Les critères formels (structure syntaxique : simple syntagme nominal, ponctuation combinant point d'exclamation et point d'interrogation) ne permettent pas de classer l'énoncé Boris Karloff !? en tant qu'interrogatif ou exclamatif. L'énoncé précédent du même locuteur (Who ? Robert Taylor ?! ), qui comprend un mot en wh-, et un point d'interrogation avant le point d'exclamation, apparaît en comparaison plus proche d'une interrogation que Boris Karloff !?. Dans le premier cas, le locuteur Dolores demande confirmation d'une simple hypothèse à son interlocuteur, alors que dans le deuxième elle réagit à l'incongruité de la nouvelle qu'elle pense avoir devinée. Il ne s'agit cependant toujours pas d'une exclamative prototypique, puisqu'elle appelle encore une réponse informative de la part de l'interlocuteur (qui rectifie la nouvelle hypothèse).

Le gradient ne fait pas appel à des concepts souvent utilisés dans la définition de la surprise en discours, tels que la présupposition ou les implicatures conventionnelles (Potts 2005). Nous avons choisi de l'établir en fonction du type de source, de la fonction expressive de l'énoncé de surprise (Legallois et François 2012), et de la réaction de l'interlocuteur. Il couvre des énoncés allant d'une demande de confirmation à l'expression d'une surprise mêlée à d'autres affects. L'annotation sous Glozz nous a permis de définir des séquences de surprise, d'associer à chaque énoncé de surprise un type de source (discours ou événement extralinguistique), et de prendre en compte le contexte discursif en amont et en aval. Nous mettons ainsi en lumière le caractère essentiel de l'interaction dans l'analyse des exclamatives en situation de surprise.
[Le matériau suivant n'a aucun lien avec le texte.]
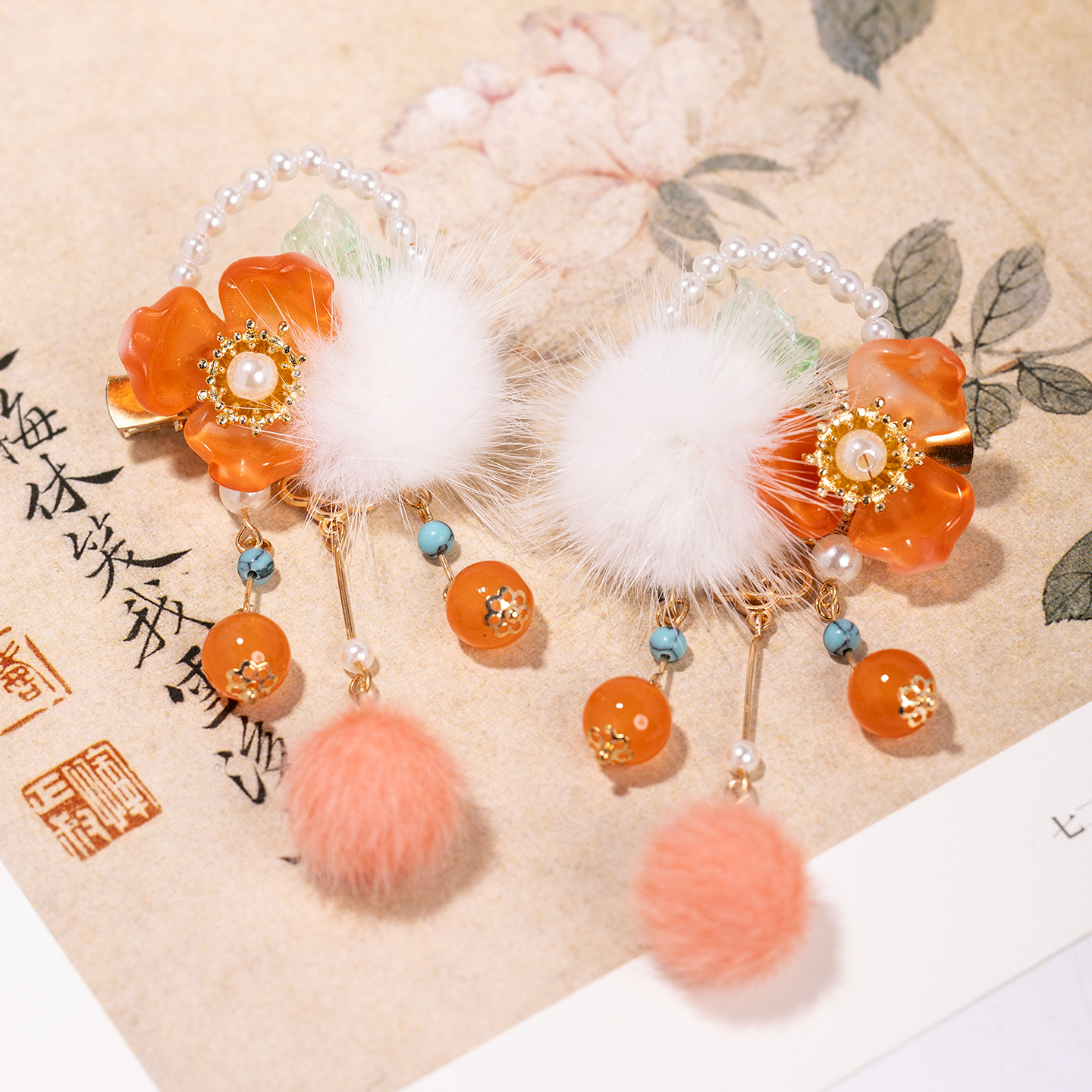 新年古风对夹喜庆中国风汉服女童水貂毛球发夹过年流苏汉服发饰
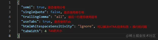 .prettierrc文件,填充内容如下(注意样式要和ESLint配合,不然会起冲突): -
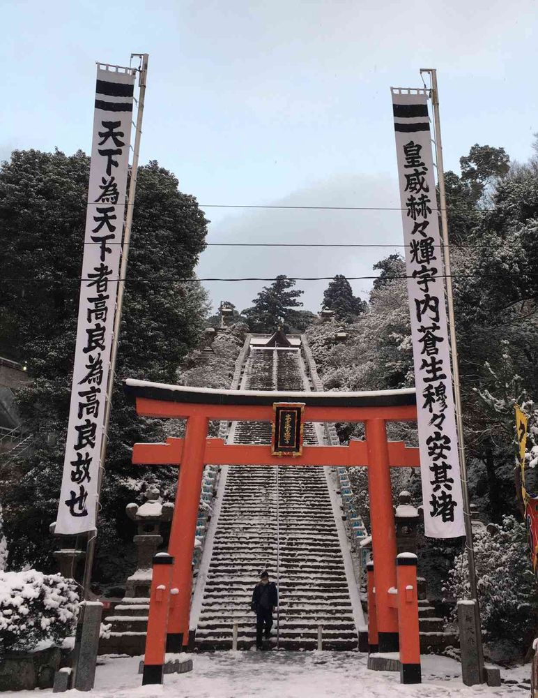 昨夜の雪が残る石段を2kmほど登り本殿へ到着しました。

Ce travail nous permet également de raffiner la définition de la surprise en discours, qui n'est ni une simple réaction physiologique à un stimulus, ni une réaction psychologique tournée vers la seule subjectivité du locuteur (speaker-oriented, Rett 2011). Il faut au contraire l'envisager en tant qu'enchaînement discursif, de la source à la réaction de l'interlocuteur. Nous proposons donc une définition de la surprise en discours comme scénario. 

 

 

 

Références

Caffi, Claudia & Richard Janney. 1994. « Toward a pragmatics of emotive communication », Journal of Pragmatics, 22 : 325-373.

Legallois, Dominique & Jacques François. 2012. « Définition et illustration de la notion d'expressivité en linguistique. » Dans Nicole Le Querler, Franck Neveu, and Emmanuelle Roussel (dir.). Relations, Connexions, Dépendances: Hommage Au Professeur Claude Guimier. Rennes: Presses universitaires de Rennes. 197–221.

Michaelis, Laura. 2001. “Exclamative Constructions.” Dans Martin Haspelmath (dir.). Language Typology and Language Universals: An International Handbook. Berlin, New York: W. de Gruyter. 1038–50.

Potts, Christopher. 2005. The Logic of Conventional Implicatures. Oxford: Oxford University Press.

Rett, Jessica. 2011. “Exclamatives, Degrees and Speech Acts.” Linguistics and Philosophy 34 (5). 411-442.


Corpus

Burton Tim. 1994. Ed Wood. http://www.opensubtitles.org/fr/search/sublanguageid-fre/idmovie-4395. (Consulté le 29 mai 2015)

 

Logiciel d'annotation

Widlöcher Antoine & Yann Mathet. 2009. La plate-forme Glozz : environnement d'annotation et d'exploration de corpus. In Actes de TALN 2009, Senlis, France.